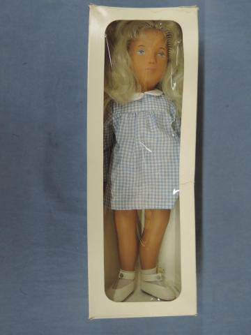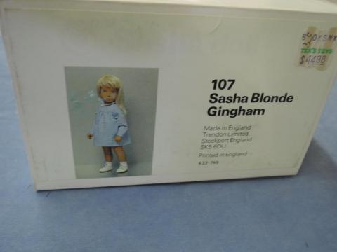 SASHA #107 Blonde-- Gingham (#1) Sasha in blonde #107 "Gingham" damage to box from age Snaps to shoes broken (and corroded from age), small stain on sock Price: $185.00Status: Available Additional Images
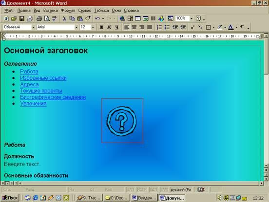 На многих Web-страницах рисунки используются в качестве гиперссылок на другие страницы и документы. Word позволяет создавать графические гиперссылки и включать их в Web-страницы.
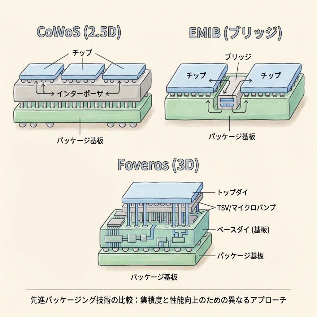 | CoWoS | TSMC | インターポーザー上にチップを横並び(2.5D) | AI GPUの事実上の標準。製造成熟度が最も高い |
____
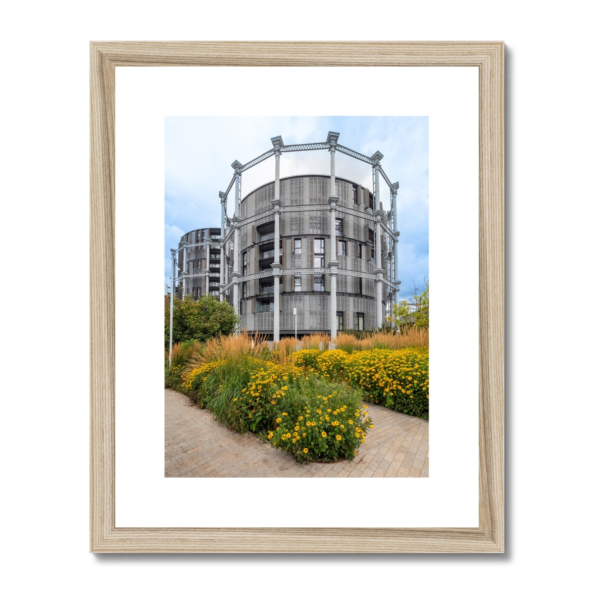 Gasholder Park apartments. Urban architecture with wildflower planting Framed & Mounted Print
____
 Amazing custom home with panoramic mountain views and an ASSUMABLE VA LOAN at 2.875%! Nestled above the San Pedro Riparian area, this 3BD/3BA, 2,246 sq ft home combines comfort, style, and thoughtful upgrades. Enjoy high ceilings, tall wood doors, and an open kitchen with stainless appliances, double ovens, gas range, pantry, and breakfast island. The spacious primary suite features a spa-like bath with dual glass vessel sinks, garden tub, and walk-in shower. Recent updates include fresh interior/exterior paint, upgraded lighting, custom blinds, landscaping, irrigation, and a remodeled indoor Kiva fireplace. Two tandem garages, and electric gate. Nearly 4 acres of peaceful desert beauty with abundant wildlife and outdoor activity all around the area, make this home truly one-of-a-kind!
____
:: Exercise instructions ::
Using the data above, output the line that has "На многих Web-страницах", the line that has "AI GPUの事実上の標準。製造成熟度が最も高い |", and whatever lines fall between, each exactly as it stands and without pictures.

:: Your solution ::
 На многих Web-страницах рисунки используются в качестве гиперссылок на другие страницы и документы. Word позволяет создавать графические гиперссылки и включать их в Web-страницы.
 | CoWoS | TSMC | インターポーザー上にチップを横並び(2.5D) | AI GPUの事実上の標準。製造成熟度が最も高い |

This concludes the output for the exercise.